Nature. Sumber ilustrasi: Unsplash

KELESTARIAN DANAU TOBA

Pada pertengahan tahun 2016, bersama rombongan teman sekerja, saya berkunjung dan berwisata ke danau Toba Sumatera Utara dan sempat menyebrang dari Prapat ke Tomok di P. Samosir. Pemandangan indah danau terbesar di Indonesia, sayangnya terganggu  oleh rusaknya tutupan hutan yang terdapat didaerah tangkapan air (catchment area) danau. Yang lebih miris lagi, didaerah bukit/gunung yang melingkari danau banyak terjadi aktivitas pembakaran semak belukar/kayu oleh masyarakat dan nampak jelas adanya asap tebal yang membumbung tinggi dan terlihat dengan mata telanjang dari kapal yang saya tumpangi dari dan ke P. Samosir. Wajar apabila penurunan drastis muka air danau Toba ditengarai turut dipicu oleh kerusakan lingkungan ini (Kompas, 8/4/2021). Turunnya muka air danau sampai dengan 2,5 m, merupakan indikasi yang kuat bahwa telah terjadi penurunan fungsi tutupan hutan sebagai penjaga keseimbangan hidroorologis didaerah  tangkapan air danau. Kemampuan tutupan hutan menyerap air hujan (infiltrasi kedalam tanah) diprediksi tinggal 15-20 persen. Padahal, tutupan hutan yang berfungsi baik dengan jenis vegetasi berdaun lebar mampu menyerapkan air hujan kedalam tanah sampai dengan 80 persen.

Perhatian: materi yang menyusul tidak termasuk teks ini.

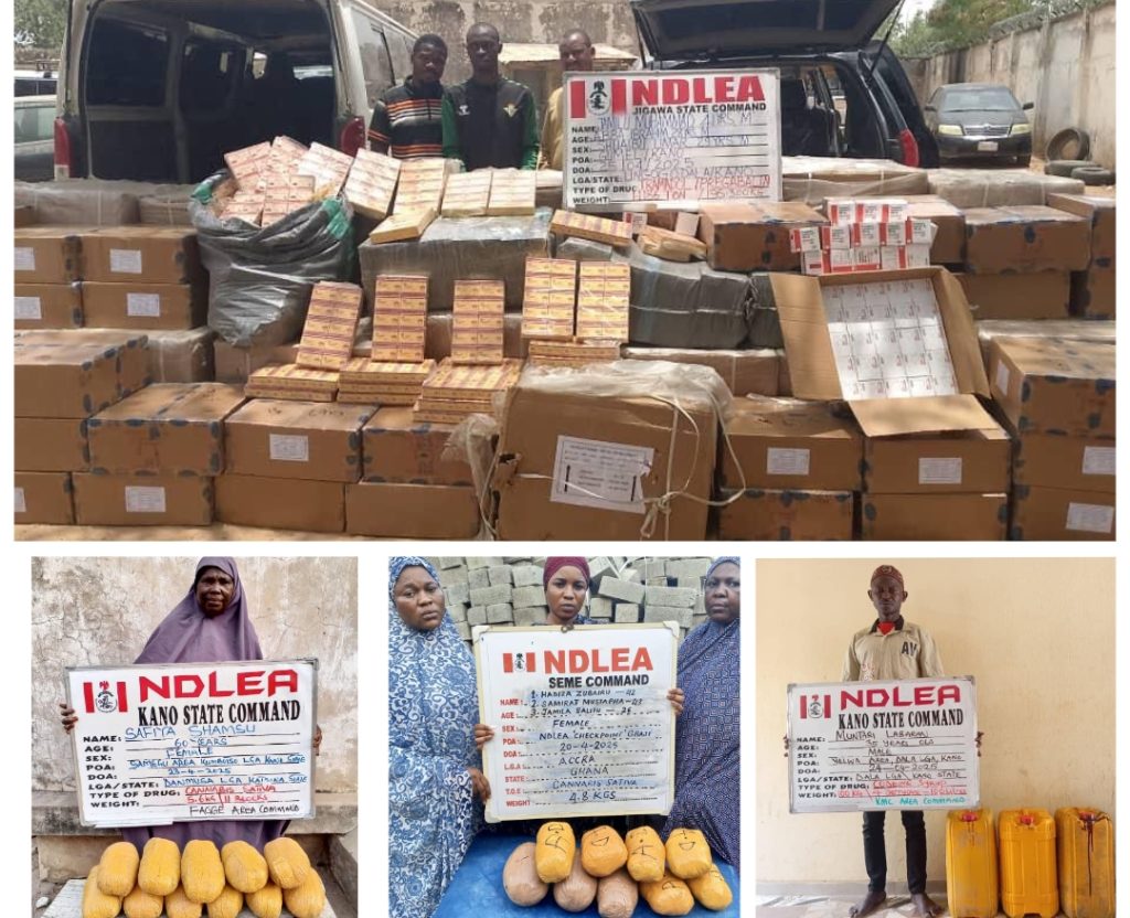 In Kano, a 60-year-old grandma Safiya Shamsu was on Friday 25th April nabbed at Samegu area of Kumbotso LGA with 5.6kg skunk, a strain of cannabis, while another suspect Muntari Labaran, 35, was taken into custody following the seizure of 100 litres of codeine syrup from him at Yelwa area of Dala LGA.

Sebagai salah satu destinasi wisata super prioritas, kelas premium yang ditetapkan oleh pemerintah selain  Candi Borobudur di Jateng, P. Komodo di NTT, Kawasan Mandalika di NTB dan Kawasan Ekonomi Khusus (KEK) Likupang di Minahasa Utara, Sulut, seharusnya tidak hanya infrastruktur seperti jalan, bandara, hotel saja yang dibenahi tetapi juga kelestarian lingkungan mutlak dibenahi dengan menjaga dan merehabilitasi kawasan hutan dan tutupan hutan yang telah rusak didaerah tangkapan airnya.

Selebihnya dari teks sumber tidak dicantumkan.